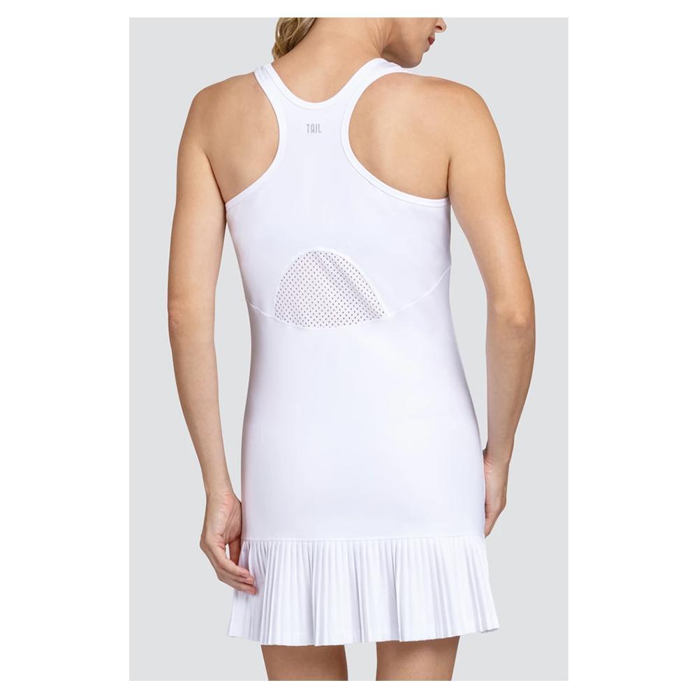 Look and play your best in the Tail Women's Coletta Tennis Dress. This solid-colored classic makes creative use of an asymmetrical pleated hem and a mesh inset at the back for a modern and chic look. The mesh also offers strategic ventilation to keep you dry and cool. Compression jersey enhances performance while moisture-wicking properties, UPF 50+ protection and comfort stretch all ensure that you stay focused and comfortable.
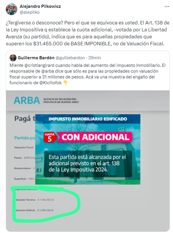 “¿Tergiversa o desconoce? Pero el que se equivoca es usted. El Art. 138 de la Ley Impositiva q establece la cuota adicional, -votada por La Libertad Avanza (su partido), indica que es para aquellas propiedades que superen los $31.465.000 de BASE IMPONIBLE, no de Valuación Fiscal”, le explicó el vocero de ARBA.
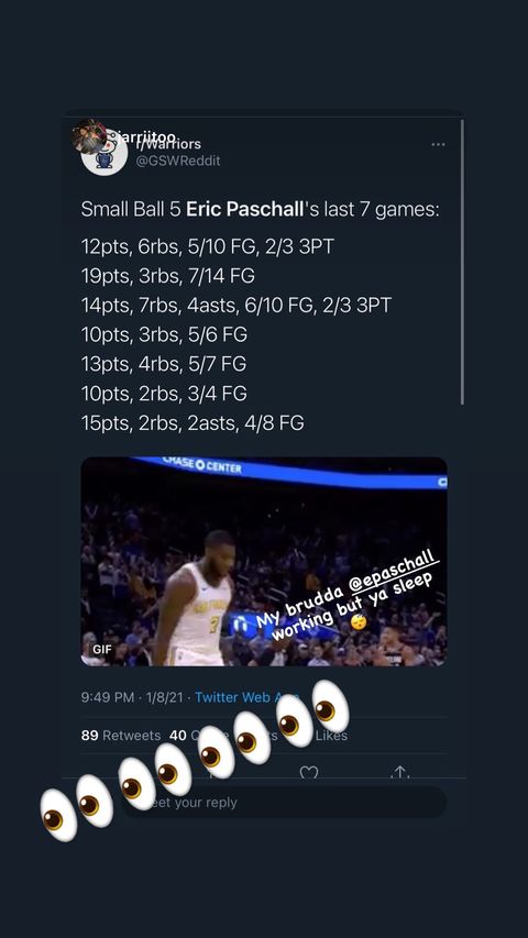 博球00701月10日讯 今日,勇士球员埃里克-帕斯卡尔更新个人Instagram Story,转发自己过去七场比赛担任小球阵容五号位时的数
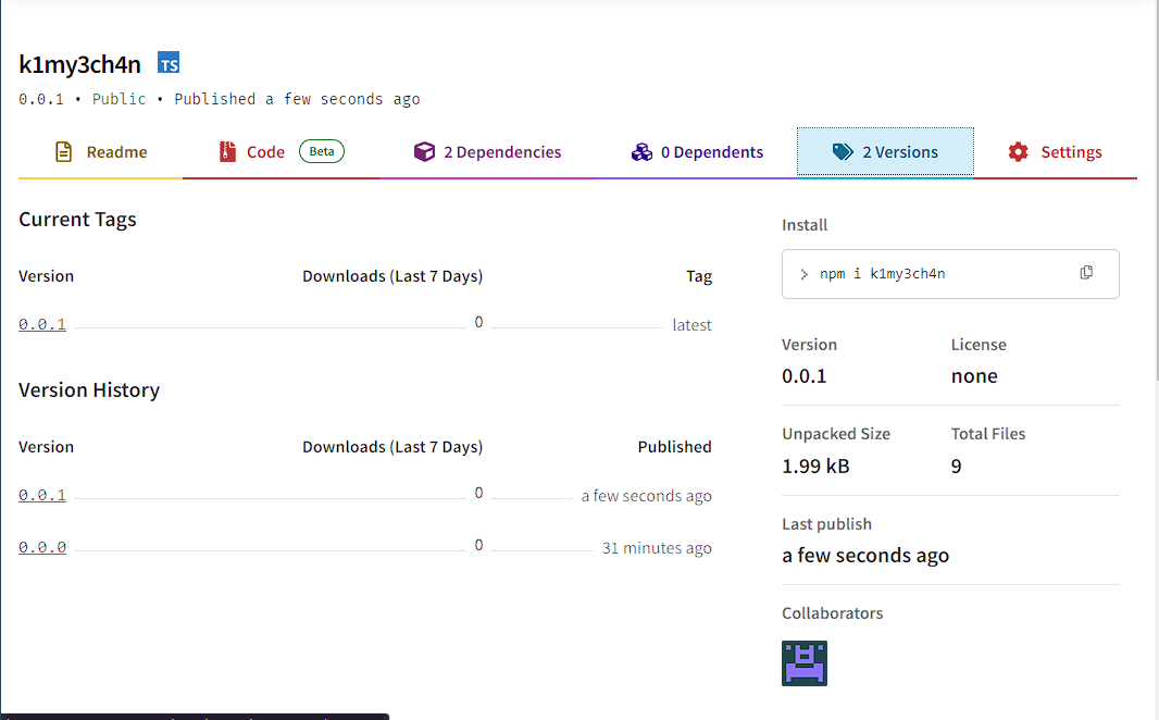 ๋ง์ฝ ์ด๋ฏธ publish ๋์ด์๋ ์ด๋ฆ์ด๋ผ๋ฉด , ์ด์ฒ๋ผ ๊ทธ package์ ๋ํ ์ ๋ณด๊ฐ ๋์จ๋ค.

..............................

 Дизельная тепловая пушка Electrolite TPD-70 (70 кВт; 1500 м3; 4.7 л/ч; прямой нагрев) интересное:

..............................

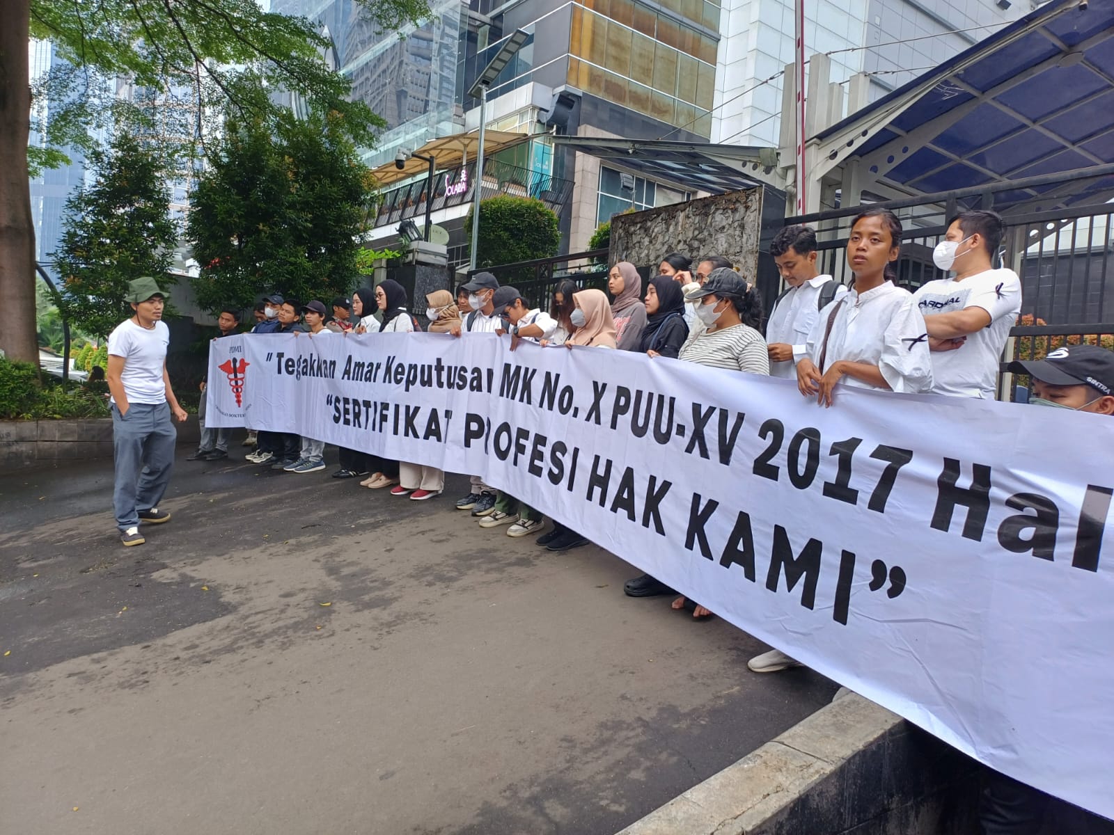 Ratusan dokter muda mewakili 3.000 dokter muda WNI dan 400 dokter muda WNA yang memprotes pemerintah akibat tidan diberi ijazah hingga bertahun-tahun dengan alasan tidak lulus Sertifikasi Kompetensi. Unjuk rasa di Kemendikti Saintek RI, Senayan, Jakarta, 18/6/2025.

..............................

### Task instructions
In the listing above, find the line containing "vocero de ARBA." and the line containing "package์ ๋ํ ์ ๋ณด๊ฐ ๋์จ๋ค.", then print exactly those two lines and every line between them, minus the pictures.

### Task response
 “¿Tergiversa o desconoce? Pero el que se equivoca es usted. El Art. 138 de la Ley Impositiva q establece la cuota adicional, -votada por La Libertad Avanza (su partido), indica que es para aquellas propiedades que superen los $31.465.000 de BASE IMPONIBLE, no de Valuación Fiscal”, le explicó el vocero de ARBA.
 博球00701月10日讯 今日,勇士球员埃里克-帕斯卡尔更新个人Instagram Story,转发自己过去七场比赛担任小球阵容五号位时的数
 ๋ง์ฝ ์ด๋ฏธ publish ๋์ด์๋ ์ด๋ฆ์ด๋ผ๋ฉด , ์ด์ฒ๋ผ ๊ทธ package์ ๋ํ ์ ๋ณด๊ฐ ๋์จ๋ค.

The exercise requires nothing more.